* [Exercise requirements]
The line containing "(뉴스21통신/임정훈기자) = 울산시" marks the end: extract everything from the first line of the data through that line, exactly, with no pictures.

* [Data for this exercise]
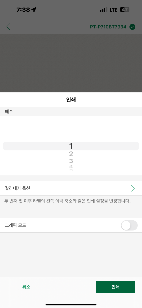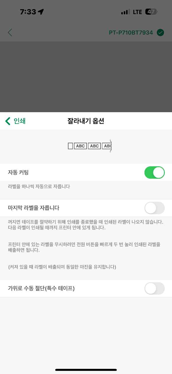 아래 화면처럼 해당 기능을 끄고 사용하면 마지막으로 인쇄한 것은 계속 라벨기에 남아있고, 바로 전단계 인쇄한 출력물만 커팅되어서 나오게 됩니다. 그럼 계속해서 초기 라벨을 인쇄할 때 생기는 마진을 없앨 수 있습니다. (캡처 화면에 나온 문구처럼 전원버튼을 빠르게 2번 누르면 안에 남아있는 출력 라벨도 커팅됩니다.)
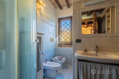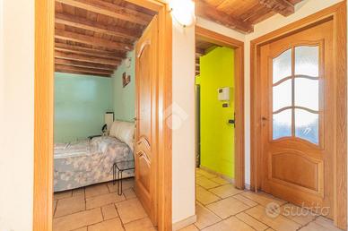 Scendendo al piano inferiore si apre la grande taverna, arricchita da un accogliente soggiorno con camino e da una cucina in muratura. Completano il piano due camere, un pratico ripostiglio e un bagno finestrato.
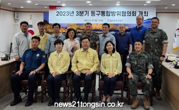 (뉴스21통신/임정훈기자) = 울산시 동구청은 8월 17일 오후 3시 동구청 2층 상황실에서 동구통합방위협의회 의장(동구청장 김종훈) 주재로 민·관·군·경·소방 등 20여명 위원들이 참여한 가운데 3분기 동구 통합방위 협의회를 개최했다.
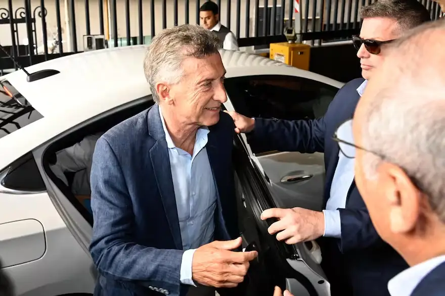 Cerca de las 11, Macri llegó en una camioneta a la Bolsa de Comercio de Rosario, donde se reunió con el gobernador de Santa Fe, Maximiliano Pullaro, y empresarios de la región, vinculados al agro. El expresidente bajó del vehículo que lo dejó en la puerta del edificio en pleno centro de Rosario y caminó, rodeado de periodistas, unos metros hasta el ingreso, que buscaban alguna declaración sobre el escándalo con criptomonedas que tiene como protagonista a Milei.
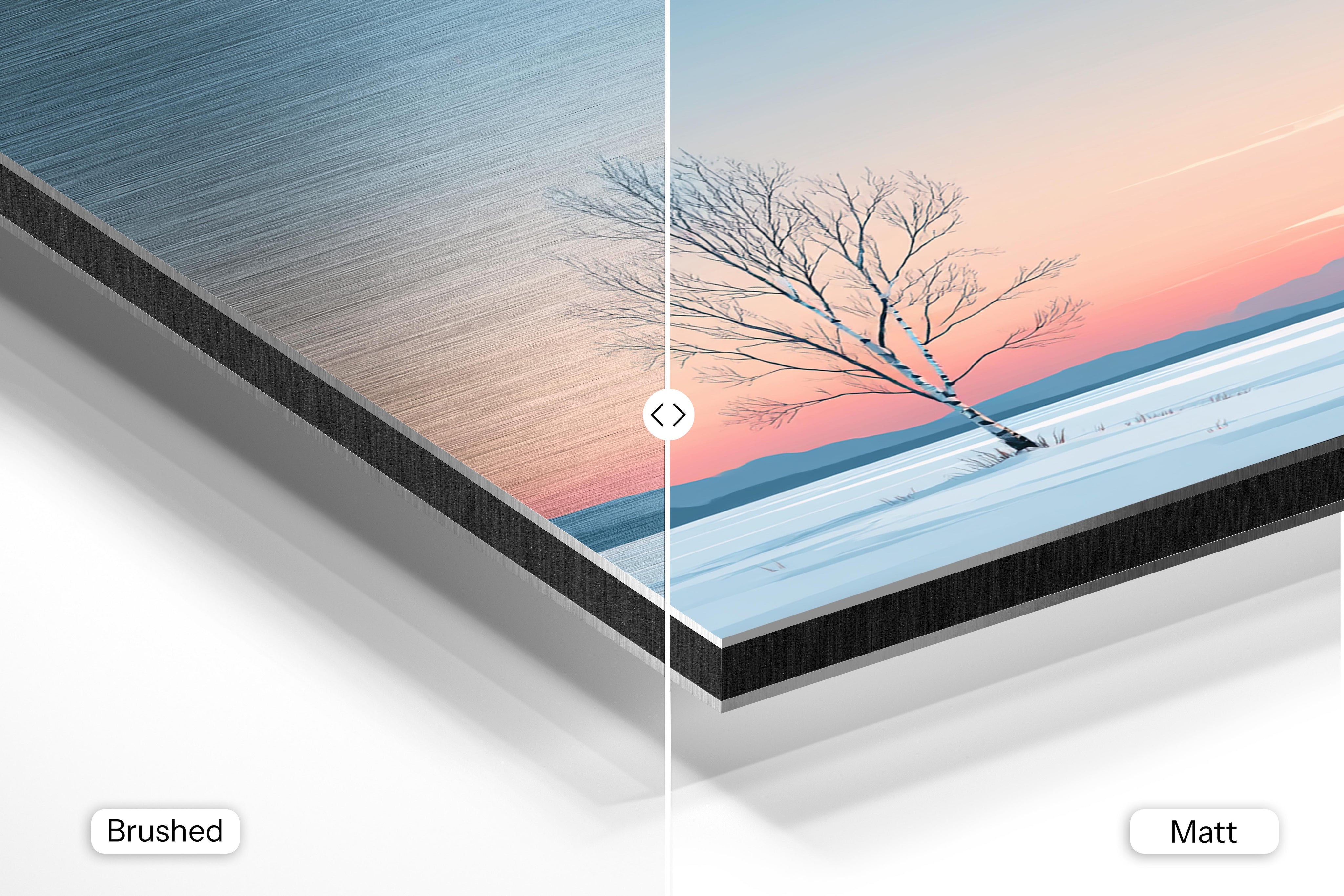 - Brushed Aluminum, on the other hand, features a raw metallic texture with visible brush strokes. Whites and highlights in your image let the silver surface show through, adding a dramatic, shimmering effect. Ideal for black-and-white images, minimalist designs, or abstract art, it creates a bold, industrial vibe with a modern edge.

* [Task output]
 아래 화면처럼 해당 기능을 끄고 사용하면 마지막으로 인쇄한 것은 계속 라벨기에 남아있고, 바로 전단계 인쇄한 출력물만 커팅되어서 나오게 됩니다. 그럼 계속해서 초기 라벨을 인쇄할 때 생기는 마진을 없앨 수 있습니다. (캡처 화면에 나온 문구처럼 전원버튼을 빠르게 2번 누르면 안에 남아있는 출력 라벨도 커팅됩니다.)
 Scendendo al piano inferiore si apre la grande taverna, arricchita da un accogliente soggiorno con camino e da una cucina in muratura. Completano il piano due camere, un pratico ripostiglio e un bagno finestrato.
 (뉴스21통신/임정훈기자) = 울산시 동구청은 8월 17일 오후 3시 동구청 2층 상황실에서 동구통합방위협의회 의장(동구청장 김종훈) 주재로 민·관·군·경·소방 등 20여명 위원들이 참여한 가운데 3분기 동구 통합방위 협의회를 개최했다.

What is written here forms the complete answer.